Il taglio delle accise c’è ma non si vede: diesel a un passo dai 2,20 euro al litro e benzina intorno ai 2,05 euro. In Sardegna torna l’allarme per il caro carburanti, con il costo dei rifornimenti che continua a mettere sotto pressione famiglie, lavoratori e imprese di trasporto. La riduzione delle accise, attesa come un intervento capace di frenare i rincari, rischia così di essere assorbita dall’aumento dei prezzi alla pompa.
Per chi percorre ogni giorno decine o centinaia di chilometri, la situazione è sempre più pesante. Il diesel, utilizzato soprattutto dai mezzi pesanti e dai veicoli commerciali, sfiora quota 2,20 euro al litro, mentre la benzina si mantiene attorno ai 2,05 euro. Numeri che trasformano ogni pieno in una spesa significativa e che rischiano di avere conseguenze a cascata sull’intera economia dell’Isola.
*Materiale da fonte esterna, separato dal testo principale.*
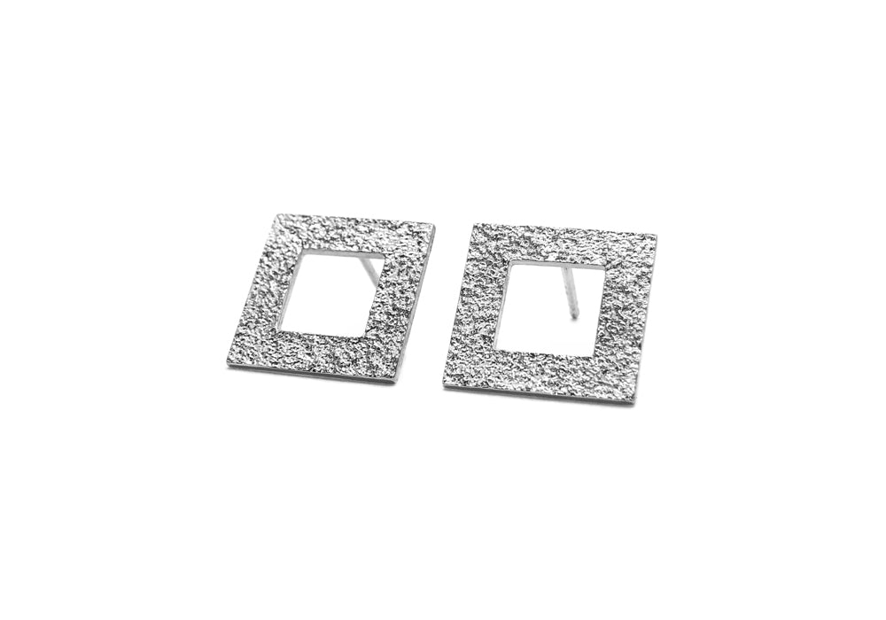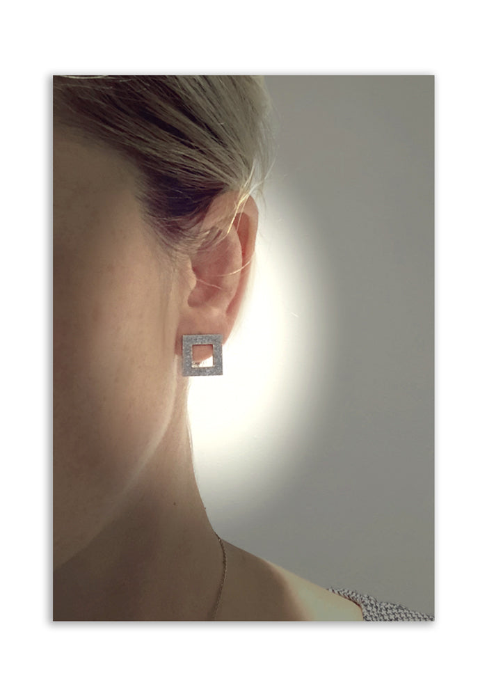 - Square shaped earrings in gold.

L’allarme riguarda innanzitutto i trasportatori. Per camion, furgoni e mezzi utilizzati per le consegne, il carburante rappresenta una delle principali voci di costo. Quando il prezzo del diesel aumenta, diventa inevitabile fare i conti con margini sempre più ridotti o con la necessità di trasferire parte degli aumenti sul costo dei servizi e delle merci trasportate.
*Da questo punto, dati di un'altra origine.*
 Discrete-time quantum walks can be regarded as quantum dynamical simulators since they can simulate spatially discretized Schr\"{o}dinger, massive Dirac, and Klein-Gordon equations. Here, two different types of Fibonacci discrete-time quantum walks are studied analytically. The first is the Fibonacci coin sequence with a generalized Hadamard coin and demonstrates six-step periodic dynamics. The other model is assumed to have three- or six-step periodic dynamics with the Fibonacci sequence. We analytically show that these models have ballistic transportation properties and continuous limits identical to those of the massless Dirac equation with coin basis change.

E in Sardegna il problema è ancora più delicato. La distanza dalla Penisola e la necessità di movimentare via terra una grande quantità di prodotti rendono particolarmente pesante l’incidenza dei costi logistici. Un diesel vicino ai 2,20 euro al litro non è quindi soltanto un problema per chi guida un camion: può finire per pesare sul prezzo finale della merce sugli scaffali.
Ma l’emergenza riguarda anche le famiglie. In un’Isola dove l’auto resta spesso indispensabile per spostarsi tra piccoli centri, raggiungere il posto di lavoro o accompagnare i figli, il caro carburante si traduce direttamente in una riduzione del reddito disponibile. Ogni pieno costa di più e lascia meno spazio nel bilancio familiare per le altre spese.
Il paradosso è che il taglio delle accise avrebbe dovuto attenuare proprio questo impatto. Ma se il prezzo industriale e le altre componenti del costo continuano a crescere, il beneficio fiscale rischia di diventare quasi invisibile per il consumatore.
Il timore, dunque, è che il caro carburanti possa alimentare una nuova spirale di aumenti, dal trasporto delle merci ai beni di consumo. Per la Sardegna, già alle prese con costi logistici strutturalmente elevati, si tratta di un ulteriore elemento di pressione su famiglie e imprese.